- _AIM OF THE EXERCISE_:
All of the data should be repeated exactly; pictures are not part of the copy.

- _SOURCE DATA_:
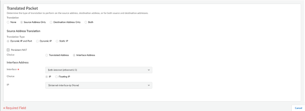 Configure Origin Packet Source address translation within the NAT policy.Select the translation type to be Dynamic IP and Port.Specify the Interface and IP address to be used for translation, typically the public-facing interface.
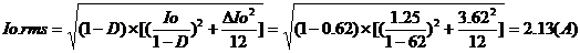 假设已知连续工作模式的反激变换器,其输出电流Io为1.25A,纹波率r为1.1,占空比D为0.62,开关频率为60kHz,由此可以计算次级纹波电流ΔIo和有效值电流Io.rms。
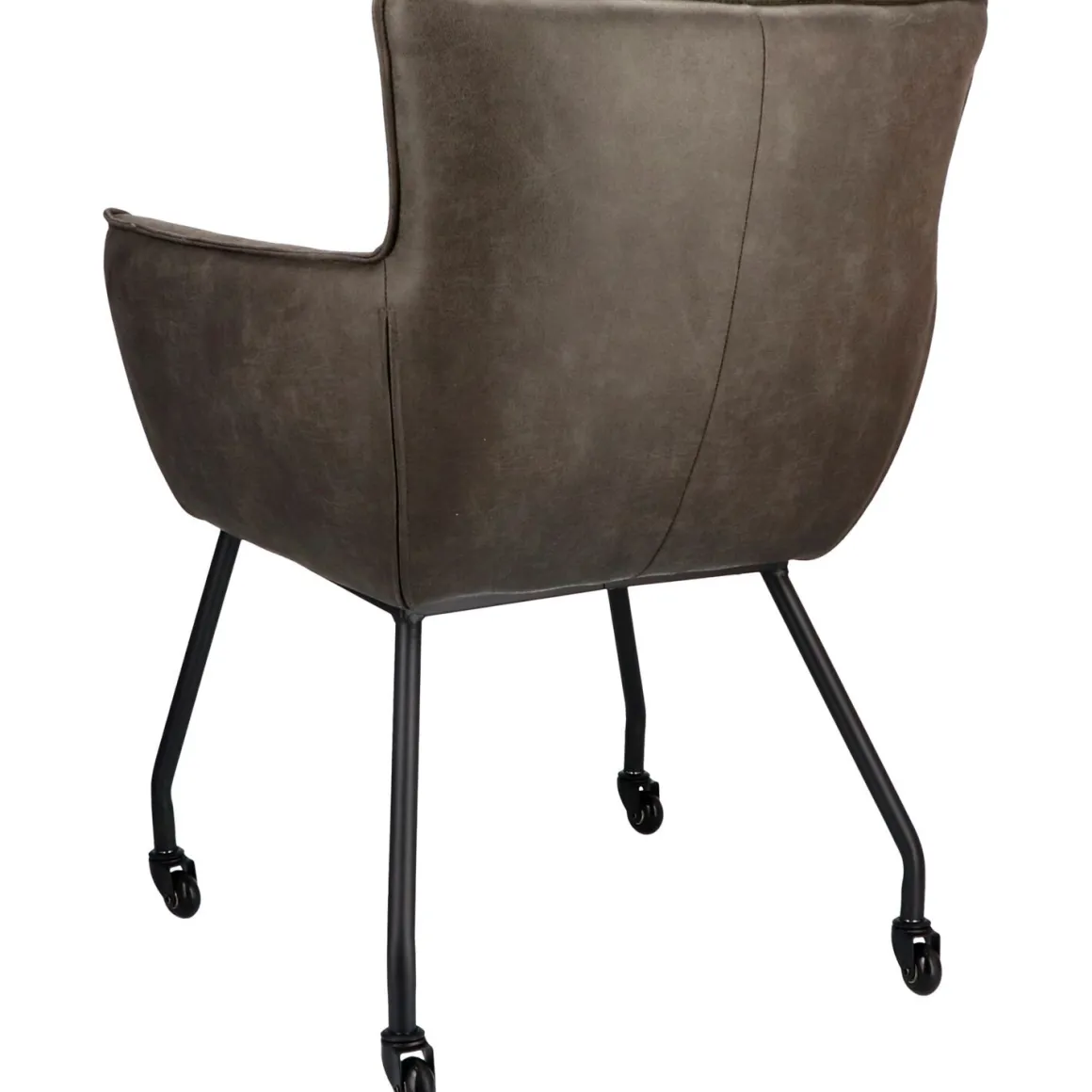 Novile armstoel in donkergrijs microleder met zwarte skatewielen

- _SOLUTION FOR THIS PROBLEM_:
 Configure Origin Packet Source address translation within the NAT policy.Select the translation type to be Dynamic IP and Port.Specify the Interface and IP address to be used for translation, typically the public-facing interface.
 假设已知连续工作模式的反激变换器,其输出电流Io为1.25A,纹波率r为1.1,占空比D为0.62,开关频率为60kHz,由此可以计算次级纹波电流ΔIo和有效值电流Io.rms。
 Novile armstoel in donkergrijs microleder met zwarte skatewielen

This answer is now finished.